SERGIO CAMPO* // Los ciclos políticos son cada vez más dinámicos. Hemos asistido a una intensa fase de construcción de una alternativa de cambio protagonizada por las movilizaciones sociales, y, a partir de 2014, por las fuerzas agrupadas en Unidos Podemos y Elkarrekin Podemos. Sin embargo, ahora parece abrirse paso una etapa diferente en la que lo predominante está siendo la reacción y reagrupamiento de los partidos políticos tradicionales históricamente hegemónicos. En términos más gráficos, el ciclo está pasando de un momento de apertura por abajo a otro de cierre desde arriba. En el contexto estatal, esta realidad es más evidente, pero, en el caso de Euskadi, la definición de este cambio de ciclo reúne una serie de particularidades que son de especial interés para redefinir la estrategia política que debemos seguir no solo con vistas a neutralizar ese cierre, sino para ensanchar el empuje del proceso de apertura.

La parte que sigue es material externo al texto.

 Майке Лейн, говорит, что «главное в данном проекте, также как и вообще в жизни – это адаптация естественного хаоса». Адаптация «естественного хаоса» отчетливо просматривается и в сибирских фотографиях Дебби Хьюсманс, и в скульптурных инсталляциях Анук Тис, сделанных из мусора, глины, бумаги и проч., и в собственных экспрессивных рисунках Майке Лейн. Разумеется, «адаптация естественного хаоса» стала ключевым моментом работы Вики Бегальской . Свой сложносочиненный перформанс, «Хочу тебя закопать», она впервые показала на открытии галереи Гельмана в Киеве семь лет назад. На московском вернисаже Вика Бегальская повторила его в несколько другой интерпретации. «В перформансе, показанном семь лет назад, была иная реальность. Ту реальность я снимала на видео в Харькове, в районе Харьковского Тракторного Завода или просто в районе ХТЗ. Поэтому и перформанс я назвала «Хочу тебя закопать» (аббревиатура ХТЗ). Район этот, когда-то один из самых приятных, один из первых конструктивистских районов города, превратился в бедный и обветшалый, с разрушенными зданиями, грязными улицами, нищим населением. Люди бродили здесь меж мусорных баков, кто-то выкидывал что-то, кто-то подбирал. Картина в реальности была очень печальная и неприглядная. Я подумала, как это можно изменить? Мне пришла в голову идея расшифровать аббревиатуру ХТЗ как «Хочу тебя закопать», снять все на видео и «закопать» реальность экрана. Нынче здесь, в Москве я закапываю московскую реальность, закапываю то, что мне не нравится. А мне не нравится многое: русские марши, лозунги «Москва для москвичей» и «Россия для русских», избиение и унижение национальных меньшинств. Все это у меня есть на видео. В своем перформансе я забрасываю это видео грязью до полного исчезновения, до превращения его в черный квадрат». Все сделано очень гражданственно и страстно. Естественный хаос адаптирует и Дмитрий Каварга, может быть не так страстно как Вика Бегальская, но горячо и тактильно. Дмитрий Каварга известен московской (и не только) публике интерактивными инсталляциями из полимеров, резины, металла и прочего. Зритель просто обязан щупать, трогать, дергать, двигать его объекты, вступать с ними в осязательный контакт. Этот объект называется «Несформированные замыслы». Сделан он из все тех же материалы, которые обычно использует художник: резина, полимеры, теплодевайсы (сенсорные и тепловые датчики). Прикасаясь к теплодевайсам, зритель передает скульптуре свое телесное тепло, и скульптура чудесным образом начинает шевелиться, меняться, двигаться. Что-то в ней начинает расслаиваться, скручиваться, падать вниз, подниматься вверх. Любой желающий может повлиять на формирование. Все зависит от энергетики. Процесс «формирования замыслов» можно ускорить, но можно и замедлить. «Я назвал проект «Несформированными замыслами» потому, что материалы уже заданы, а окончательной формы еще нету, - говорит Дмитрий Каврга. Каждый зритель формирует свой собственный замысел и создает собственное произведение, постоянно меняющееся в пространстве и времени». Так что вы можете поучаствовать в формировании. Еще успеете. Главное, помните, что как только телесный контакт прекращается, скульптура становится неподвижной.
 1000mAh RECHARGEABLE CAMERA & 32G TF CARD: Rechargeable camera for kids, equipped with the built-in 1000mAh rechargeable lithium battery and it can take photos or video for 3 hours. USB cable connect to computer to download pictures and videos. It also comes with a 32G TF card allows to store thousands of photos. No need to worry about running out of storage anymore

Daniel Campione explica el concepto de revolución pasiva de Gramsci como un momento en el que «la clase dirigente se reagrupa y reorganiza, produce reformas, reacomoda su ‘visión del mundo’, le da un lugar a clases que vienen de formaciones sociales anteriores en el nuevo equilibrio de fuerzas, para lograr un afianzamiento en su posición dirigente, que a su vez aleje las posibilidades de una revolución ‘desde abajo’». Sin ánimo de reducir la potencialidad del concepto de «revolución pasiva» a esta breve definición, sí que es una referencia útil para analizar lo que está ocurriendo en los últimos meses en Euskadi.

La alternativa social y política ha protagonizado una primera fase con vocación de desafiar la hegemonía política existente, pero no ha sido capaz de desbordarla. En todo caso, la pugna ha tenido mayor calado del imaginado nunca por las fuerzas tradicionales vascas. En nuestra tierra la hegemonía ha sido monopolizada históricamente por el PNV, un partido que garantiza en buena medida el orden institucional no solo aquí sino también en el Estado. Una hegemonía –hay que reconocerlo– que hasta ahora nunca ha estado en cuestión, ni por Podemos-Unidos Podemos (a pesar de las victorias en las generales de 2015 y 2016), ni por la izquierda abertzale con sus diferentes estrategias, ni por el fallido asalto constitucionalista de 2001, ni por la frustrante lehendakaritza de Patxi López. Esto, lejos de significar que no es posible, únicamente señala que el camino que tenemos que emprender es inédito.

Lo interesante de la fase política que se está abriendo en Euskadi y que identifico como un intento de cierre por arriba, es que se produce no ante una situación de emergencia o desesperada para las élites, sino como un intento por anticiparse a una crisis orgánica o de autoridad –siguiendo la referencia gramsciana– para la que, sin duda alguna, hay bases objetivas en el oasis vasco. Un intento por anticiparse que revela dos cosas: la primera, en negativo, que las élites mantienen intacta su capacidad de iniciativa política y de reacción; la segunda, en positivo, que realmente perciben el riesgo aunque sea potencial o latente.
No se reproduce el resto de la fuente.